Items from a dataset
>>>>
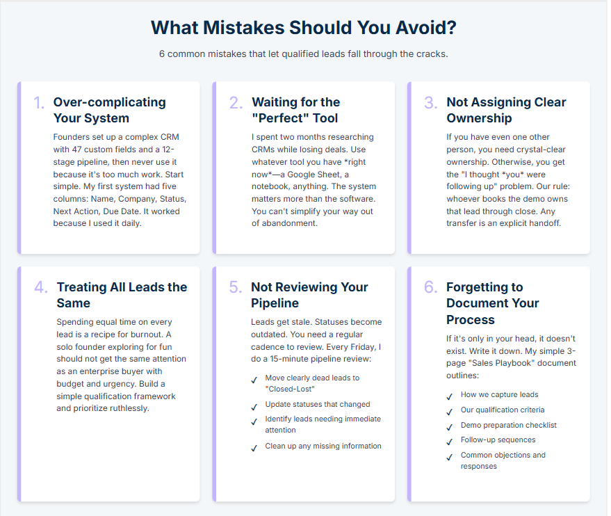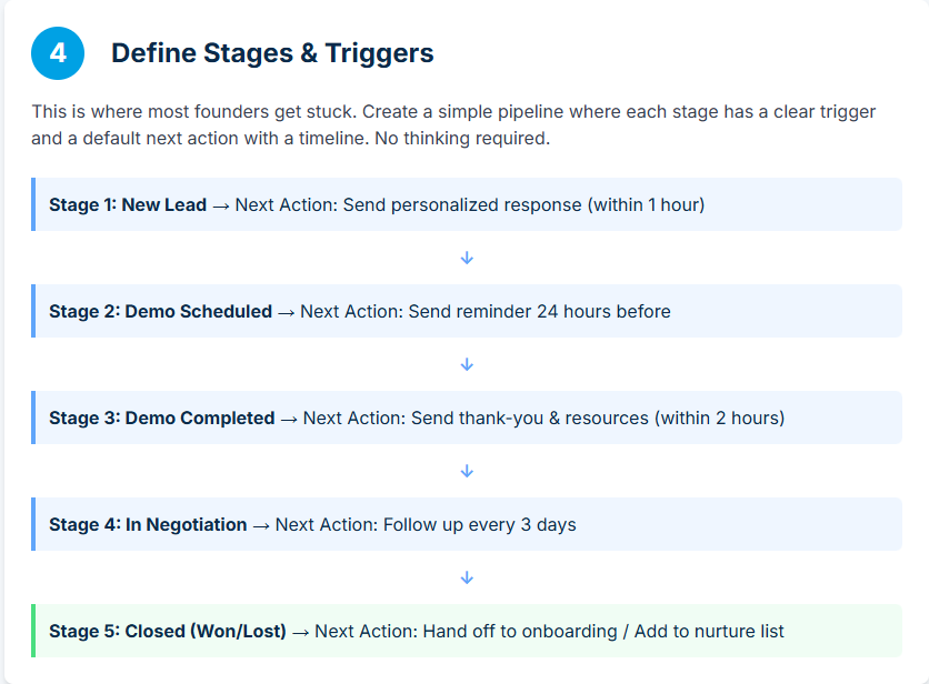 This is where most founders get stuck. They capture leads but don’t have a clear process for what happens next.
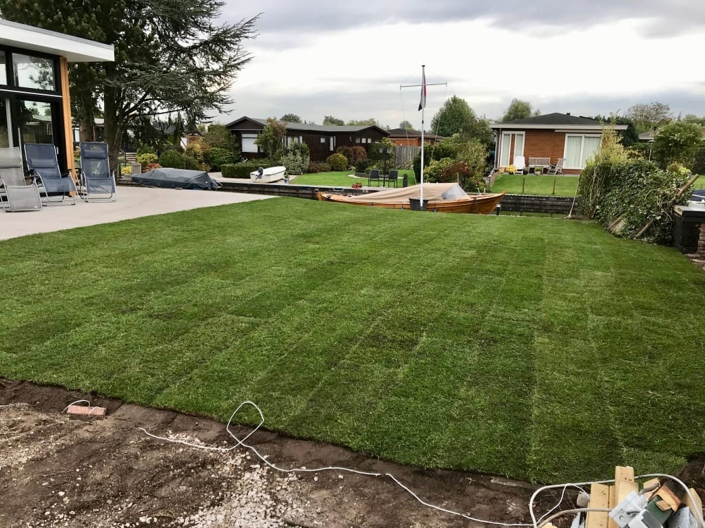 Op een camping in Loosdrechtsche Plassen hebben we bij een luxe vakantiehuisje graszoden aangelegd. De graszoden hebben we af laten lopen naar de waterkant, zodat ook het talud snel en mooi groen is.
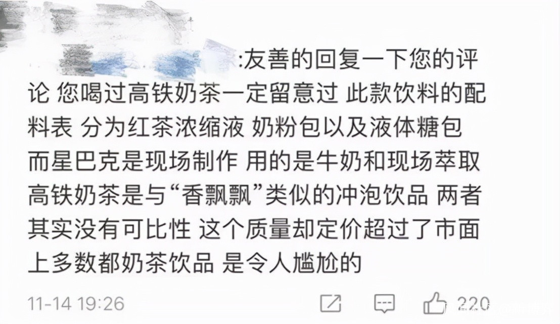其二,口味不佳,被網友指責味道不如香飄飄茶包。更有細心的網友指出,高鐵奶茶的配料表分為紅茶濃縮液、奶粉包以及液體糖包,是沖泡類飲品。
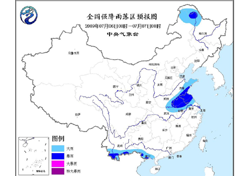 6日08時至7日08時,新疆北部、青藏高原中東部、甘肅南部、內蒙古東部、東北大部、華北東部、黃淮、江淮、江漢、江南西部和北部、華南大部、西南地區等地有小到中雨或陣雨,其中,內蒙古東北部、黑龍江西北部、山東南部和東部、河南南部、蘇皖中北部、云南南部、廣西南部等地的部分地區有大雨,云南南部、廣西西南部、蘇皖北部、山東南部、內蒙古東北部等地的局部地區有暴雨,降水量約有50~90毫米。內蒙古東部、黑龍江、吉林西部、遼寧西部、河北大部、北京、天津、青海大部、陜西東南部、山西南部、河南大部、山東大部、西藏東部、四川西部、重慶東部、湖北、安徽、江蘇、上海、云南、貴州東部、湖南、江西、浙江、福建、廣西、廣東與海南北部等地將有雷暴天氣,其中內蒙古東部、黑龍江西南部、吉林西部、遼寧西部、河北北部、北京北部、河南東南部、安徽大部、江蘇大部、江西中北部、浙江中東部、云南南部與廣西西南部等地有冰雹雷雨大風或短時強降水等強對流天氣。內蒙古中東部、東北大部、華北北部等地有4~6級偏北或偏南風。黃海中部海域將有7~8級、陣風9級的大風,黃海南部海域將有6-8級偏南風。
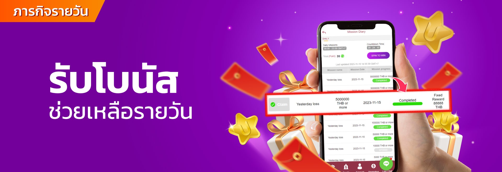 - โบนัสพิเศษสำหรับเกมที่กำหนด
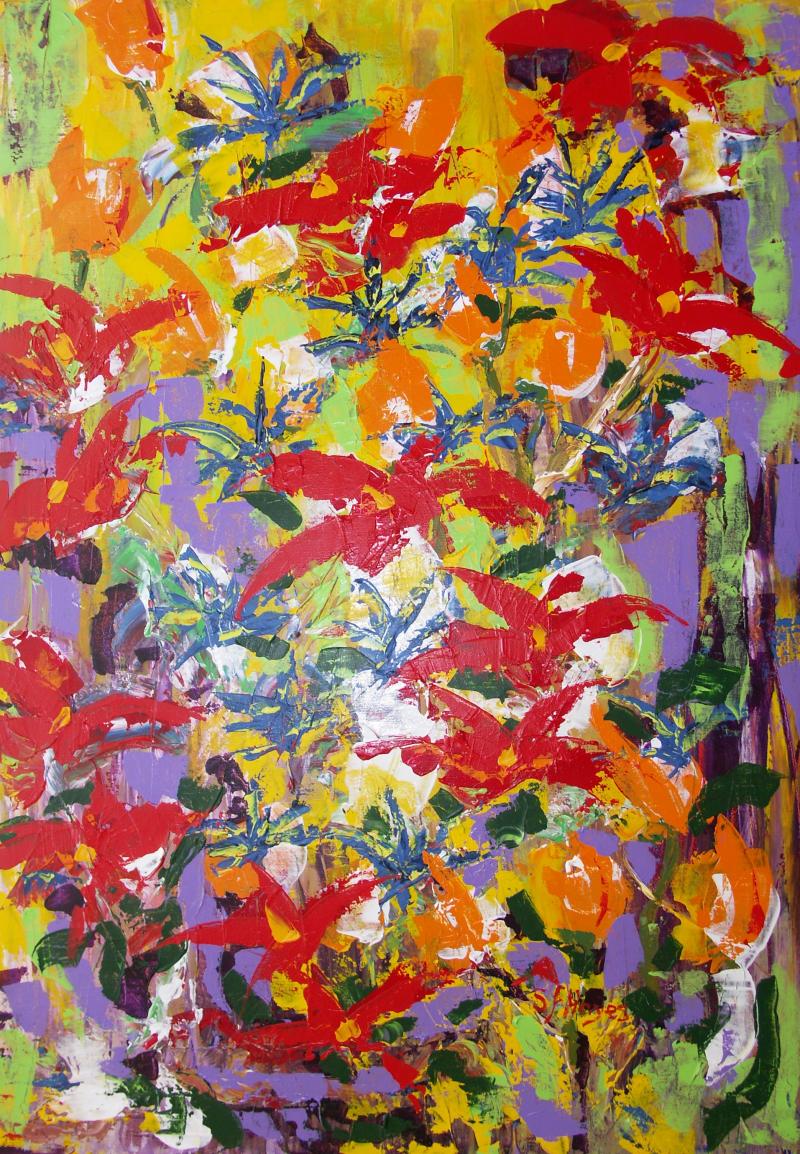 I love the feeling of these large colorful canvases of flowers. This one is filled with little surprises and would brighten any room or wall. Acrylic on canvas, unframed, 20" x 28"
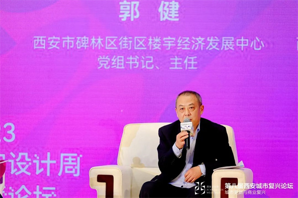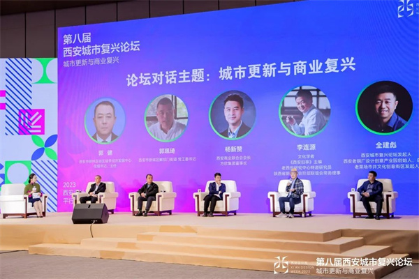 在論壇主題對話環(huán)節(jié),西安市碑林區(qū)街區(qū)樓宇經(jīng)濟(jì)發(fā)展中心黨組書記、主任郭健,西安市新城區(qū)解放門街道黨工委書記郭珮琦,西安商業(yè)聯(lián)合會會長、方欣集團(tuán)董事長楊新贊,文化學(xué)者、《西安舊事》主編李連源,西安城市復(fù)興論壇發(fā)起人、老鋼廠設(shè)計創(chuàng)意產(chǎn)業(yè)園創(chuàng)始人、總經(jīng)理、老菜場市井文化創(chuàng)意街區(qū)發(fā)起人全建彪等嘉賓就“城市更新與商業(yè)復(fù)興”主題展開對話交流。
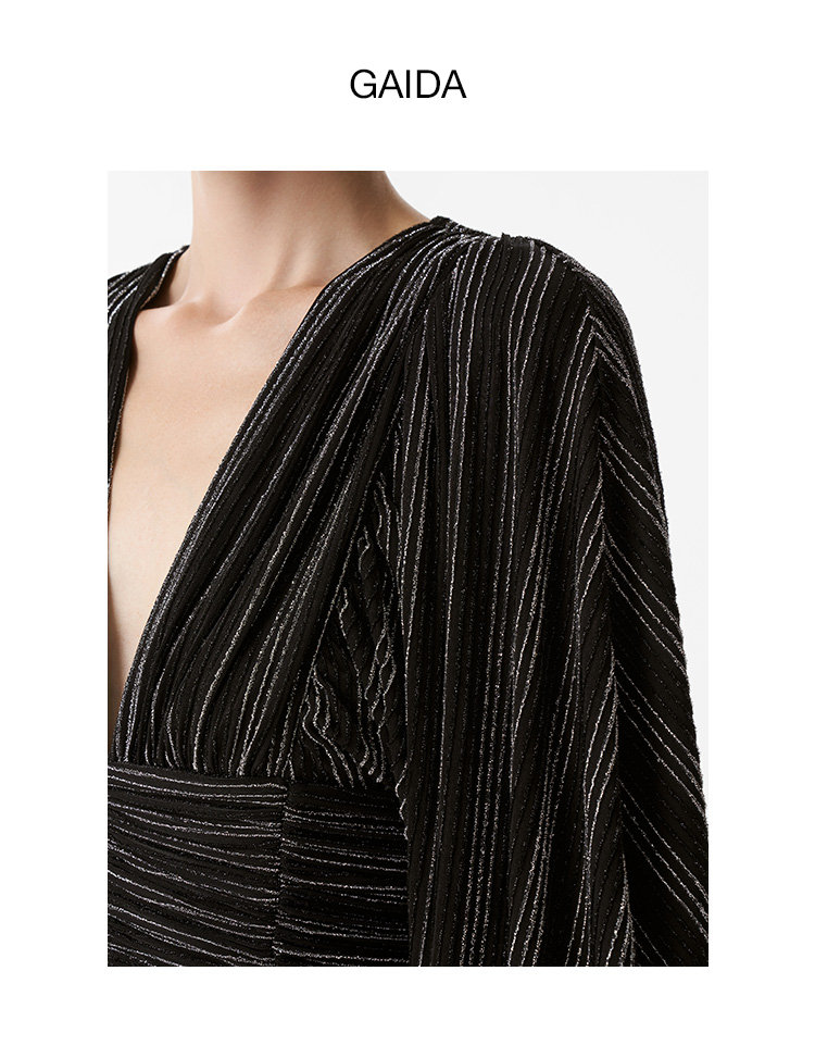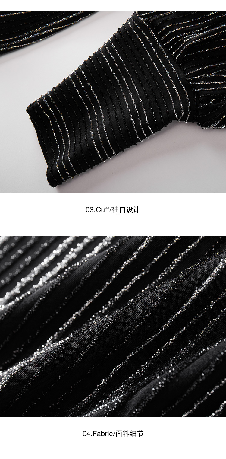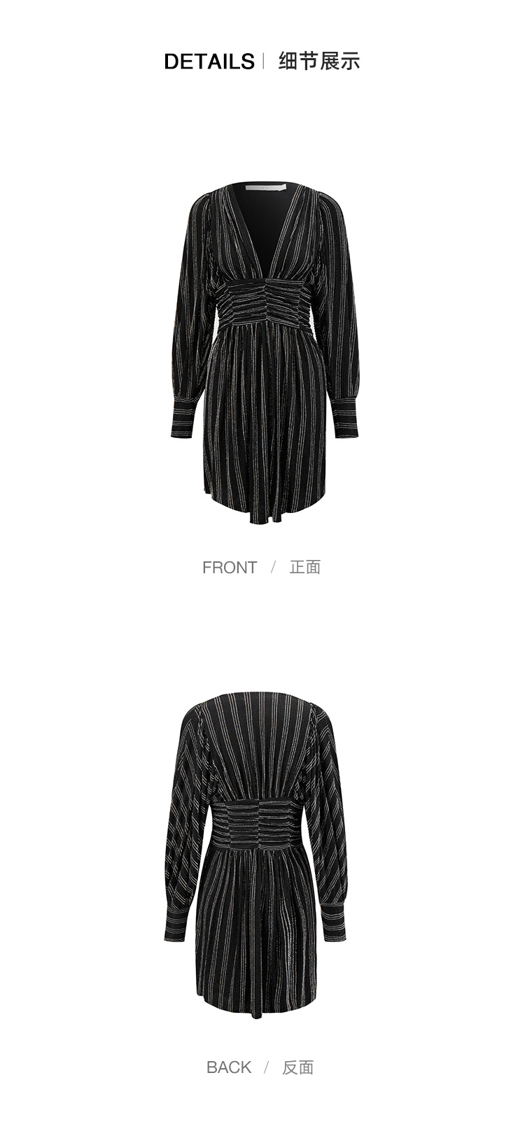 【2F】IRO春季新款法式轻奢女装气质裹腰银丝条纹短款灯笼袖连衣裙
<<<<
Task prompt
Extract, word for word, each line from the one that contains "6日08時至7日08時,新疆" through the final line of the data above. Leave the pictures out.

Task output
 6日08時至7日08時,新疆北部、青藏高原中東部、甘肅南部、內蒙古東部、東北大部、華北東部、黃淮、江淮、江漢、江南西部和北部、華南大部、西南地區等地有小到中雨或陣雨,其中,內蒙古東北部、黑龍江西北部、山東南部和東部、河南南部、蘇皖中北部、云南南部、廣西南部等地的部分地區有大雨,云南南部、廣西西南部、蘇皖北部、山東南部、內蒙古東北部等地的局部地區有暴雨,降水量約有50~90毫米。內蒙古東部、黑龍江、吉林西部、遼寧西部、河北大部、北京、天津、青海大部、陜西東南部、山西南部、河南大部、山東大部、西藏東部、四川西部、重慶東部、湖北、安徽、江蘇、上海、云南、貴州東部、湖南、江西、浙江、福建、廣西、廣東與海南北部等地將有雷暴天氣,其中內蒙古東部、黑龍江西南部、吉林西部、遼寧西部、河北北部、北京北部、河南東南部、安徽大部、江蘇大部、江西中北部、浙江中東部、云南南部與廣西西南部等地有冰雹雷雨大風或短時強降水等強對流天氣。內蒙古中東部、東北大部、華北北部等地有4~6級偏北或偏南風。黃海中部海域將有7~8級、陣風9級的大風,黃海南部海域將有6-8級偏南風。
 - โบนัสพิเศษสำหรับเกมที่กำหนด
 I love the feeling of these large colorful canvases of flowers. This one is filled with little surprises and would brighten any room or wall. Acrylic on canvas, unframed, 20" x 28"
 在論壇主題對話環(huán)節(jié),西安市碑林區(qū)街區(qū)樓宇經(jīng)濟(jì)發(fā)展中心黨組書記、主任郭健,西安市新城區(qū)解放門街道黨工委書記郭珮琦,西安商業(yè)聯(lián)合會會長、方欣集團(tuán)董事長楊新贊,文化學(xué)者、《西安舊事》主編李連源,西安城市復(fù)興論壇發(fā)起人、老鋼廠設(shè)計創(chuàng)意產(chǎn)業(yè)園創(chuàng)始人、總經(jīng)理、老菜場市井文化創(chuàng)意街區(qū)發(fā)起人全建彪等嘉賓就“城市更新與商業(yè)復(fù)興”主題展開對話交流。
 【2F】IRO春季新款法式轻奢女装气质裹腰银丝条纹短款灯笼袖连衣裙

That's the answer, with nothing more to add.